Die Verschiedenheit der vorgestellten Begründungen erklärt sich, wie bekannt ist, aus den kardinalen Veränderungen im System der WL selber.
Wenn für den frühen Fichte die „Ichheit“ die höchste Konstruktion ist, so ist es für den späten Fichte das Absolute, und die „Ichheit“ ist aus der Struktur des Absoluten hergeleitet. In den Texten „Über die Bestimmung des Gelehrten“ ist diese radikale Veränderung wie die Linien in der Handfläche sichtbar.
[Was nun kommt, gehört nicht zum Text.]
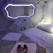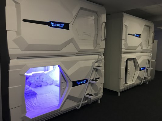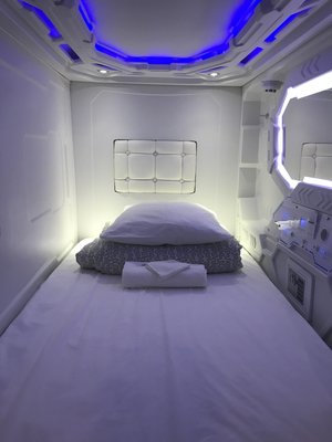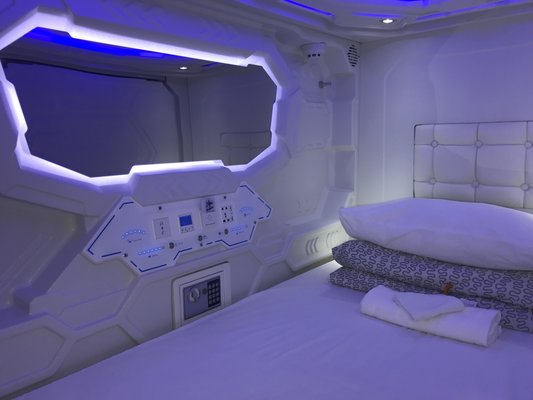 Гостей ожидают комфортные номера-капсулы рассчитанные на одного или двух человек, в каждом имеется зеркало, индивидуальный шкафчик, сейф, кондиционер, набор полотенец и маленький столик. На всей территории предоставляется бесплатный Wi-Fi. Удобства на этаже.

Diese beiden Texte, in ihrer Einheit betrachtet, reflektieren das einheitliche Modell, aus dem man die Tendenz der Veränderung des ganzen Systems der WL Fichtes verstehen kann.
5.
Die Tatsache, dass diesen beiden Texten wirklich eine einheitliche Konstruktion zugrunde liegt, ermöglicht die Behandlung der Themen des Transzendierens. Die Transzendenz, die wir hier meinen, bedeutet ganz und gar nicht dasselbe, was hinter diesem Begriff im System von Kant steht. Die Transzendenz (oder besser: das Transzendieren) ist die geistige Tat, die die Verschiebung (oder Überschreitung) der Grenze und dadurch die Entwicklung einer bestimmten schon festen Form gewährleistet – sei es der Form des gegenständlichen Wissens, der Form des Bewusstseins oder der Form des anthropologischen Aufbaus des Menschen.
Das Phänomen des Transzendierens findet sich in beiden Texten, aber verschieden vorgestellt.
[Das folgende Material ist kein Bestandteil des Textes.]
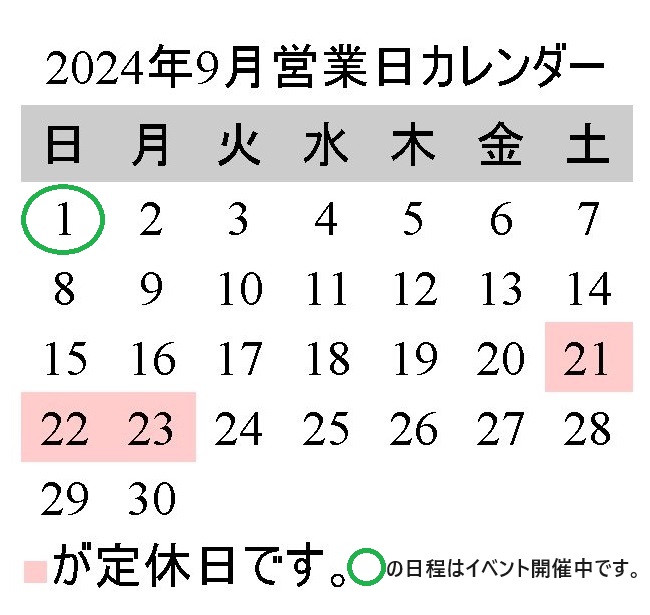 竜宮堂 竜宮の酒の令和6年9月の店舗営業日のお知らせです。

In der ersten Fassung der „Bestimmung des Gelehrten“, der von 1794, lassen sich vier Handlungen des Transzendierens feststellen:
– Aus dem Rahmen des individuellen Bewusstseins wird übergegangen zur reinen „Ichheit“. “Das empirische Ich soll so gestimmt sein, wie es ewig gestimmt seyn könnte. (...) Die letzte Bestimmung aller endlichen vernünftigen Wesen ist demnach absolute Einigkeit, stete Identität, völlige Uebereinstimmung mit sich selbst. Diese absolute Identität ist die Form des reinen Ich und die einzige wahre Form desselben.” (GA I,3, S. 30)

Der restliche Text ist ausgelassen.